Welcome To My Blog...

This blog follows my journey of 2 different cochlear implants and my condition: Multiple mitochondrial DNA deletions I have started this blog 15 yrs too late but ill try my best to fit it all in! I have packed a lot of medical jargon into my life since I was 8.

There has been happiness and tears but I've come through it all with my family and my friends.I'm profoundly deaf as a result of a condition called Multiple mitochondrial DNA deletions or mitochondrial disease RRM2B as my professor Sir Dough Turnbull calls it! I have had since birth but I didn't find out this til I was 19. I have had 2 cochlear implants (at the age of 8 and then i lost the 1st cochlear implant in my right ear after 7 years due to a bad, accruing ear infection (which I couldnt fight off because of my mitochondrial condition) at the age of 15 and had a 2nd one implanted in my left ear that same year which I have now.

My Story

24 February 2011

3 different medications, 2 visits to the doc and lots of coughs...

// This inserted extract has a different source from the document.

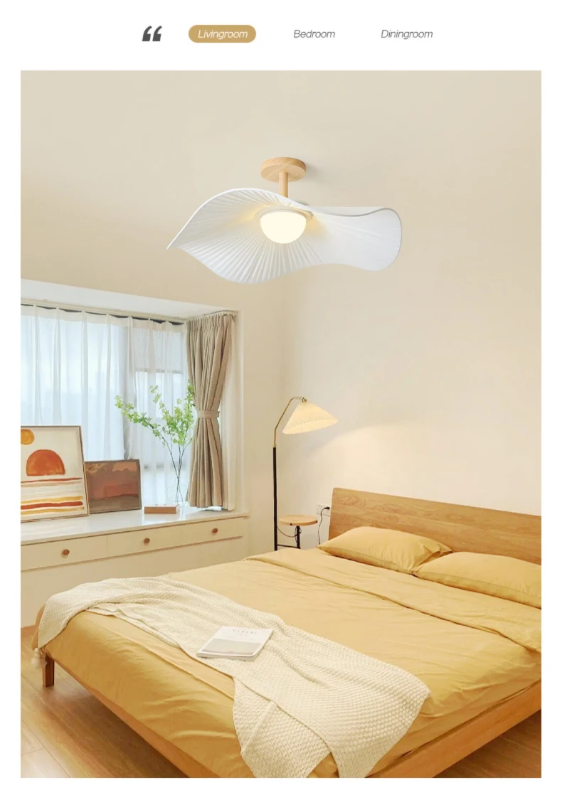 Stylish solid wood LED chandelier with acrylic and fabric shades. Flush mount installation, LED bulbs included, perfect for dining rooms, living rooms, bedrooms, and bars.
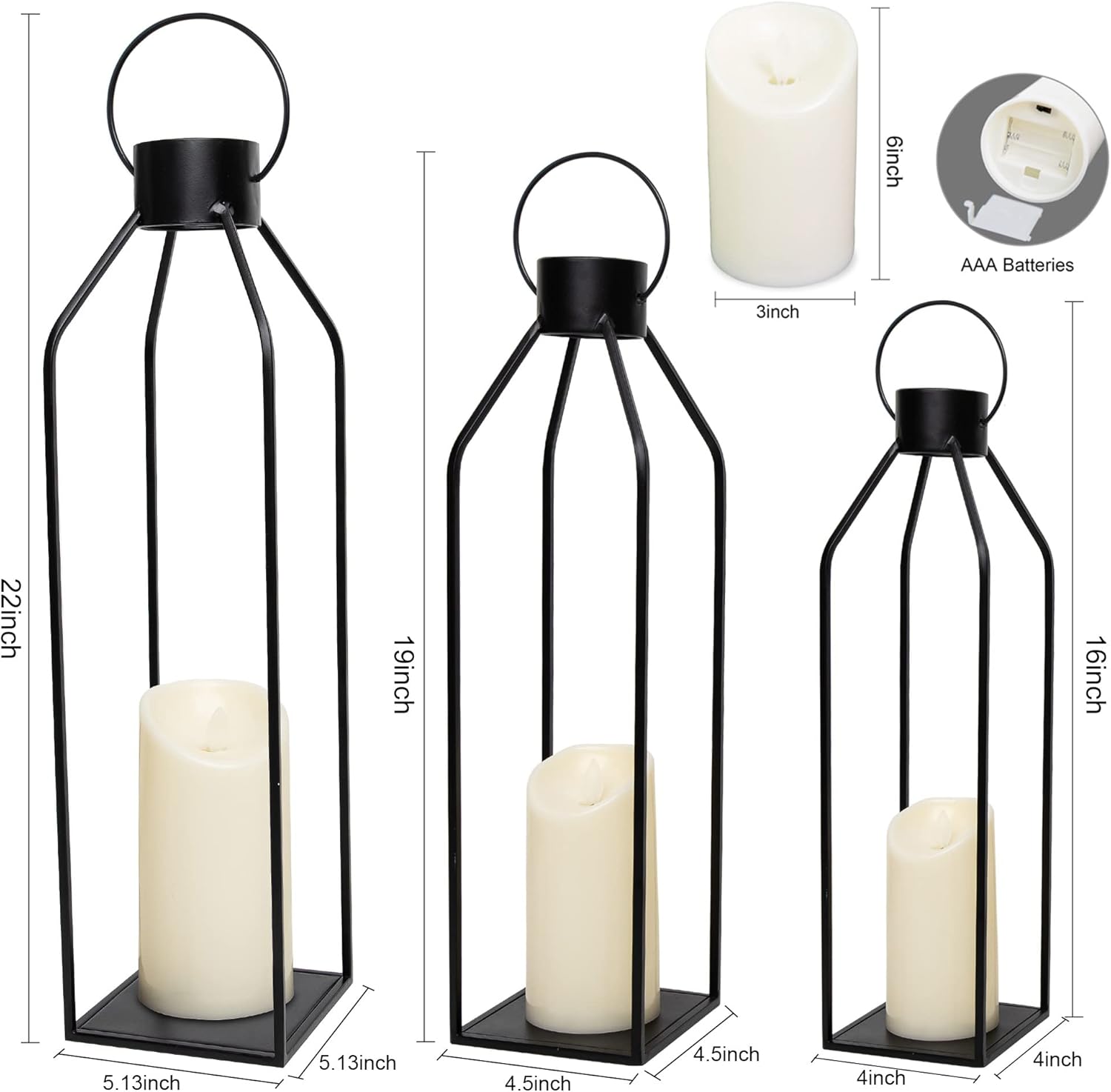 - 【Dimensions】:Our decorative candle lanterns are elegantly crafted of sturdy black metal frame. They are great lanterns decor for indoors and outdoors. Including the handle, the larger one measures 5.13 x 5.13 x 22 inch, the medium one measures 4.5 x 4.5 x 19 inch, the small one measures 4 x 4 x 16 inch. The included 3 LED candles measure 3 x 6 inch. Each candle requires 3 AAA batteries(NOT included).

This has been going on far too long now! i feel im maybe starting to get somewehre now even though im exhuasted and tired from sleepless nights and lots and lots of coughing!
called my GP several times who has prescribed me 3 different medicenes and im now on the 3rd see if it helps.
ont he 2nd medicene prescribed we were told we could put it through my PEG once it has dissolved but it blocked it. we had to call out our district nurse who had never seen a button PEG like i have before.   she had to call my hospital in newcastle before attempting to change the button herself because my PEG nurse was busy elsewhere. Newcastle talked her through it and she almost struggled to get it in but it finally popped in! i was like thank bloody hell for that otherwise id have to stick with a catheter tube in there til the PEG nurse came.  Now the new peg button was in, she checked to see if it was unblocked and i could continue my peg feed since ive been ill and have needed it more than usual. I feel very tired and sinus are affected by sore eyes.
hopefully the 3rd time lucky medicene will do the trick! watch this space!

9 February 2011


I had the physiotherapist over yesterday for a reivew on how they can help me. We had a long chat about my muscles and how/where they ache/stick and the history of my mitochondrial condition.
She gave me some 3 excercises to try once a day to build up my strength in my muscles. She said it wasnt about being flexible or fast but to try and strength up the tummy core parts so it can help me to use my back and the bottom half of my body more because the physio told me im using more of my upperbody to get up and down etc or do things. she was also concerned about the way i walk because of my feet when they are relaxed sort of flop forward rather than stay upright so she hopes the exercises will help that.
other thatn that i found out im suffering from a viral infection and the doc doesnt have a time stamp on how long it will be before i get better. he gave me medicene for the mucus thats sticking in my throat. i also emailed Newcastle to let them know and they replied back saying the GP told me all the right thingjs and i just have to wait it out and continue my feeds over night.

5 February 2011

Touch phones,...

My phone is falling apart! oh nooo. its been a while since i lookied for phones since ive had my trusty phone for about 2 and half years and now the keypad is falling off!! too much texting?
Anyway, i looked at the latest phones and most of them seem to be touch screen kinda phones and ive never really been a fan of them! i want ny phone to look like a phone! I ususally went for sony erricson for the way it sounded clear when i take a call or cal someone.But now even sony erricsons seem to be going into touch screens too1 I worry aboutt touch screen side of things because of my cochlear implant.  ive never touched touch screens and then touched my cochlear implant but if they are anything like tv screens i worry they will scramble my MAP so ive sent an email to the cochlear implant centre to see if they are safe to use with cochlear implants.  if they are ok, i may consider one and enlist the help of my brother to help me look for one! anyway apart from that the left eye still feels strange and i keep closing it to foc us but ill ask about that at my next hospital review!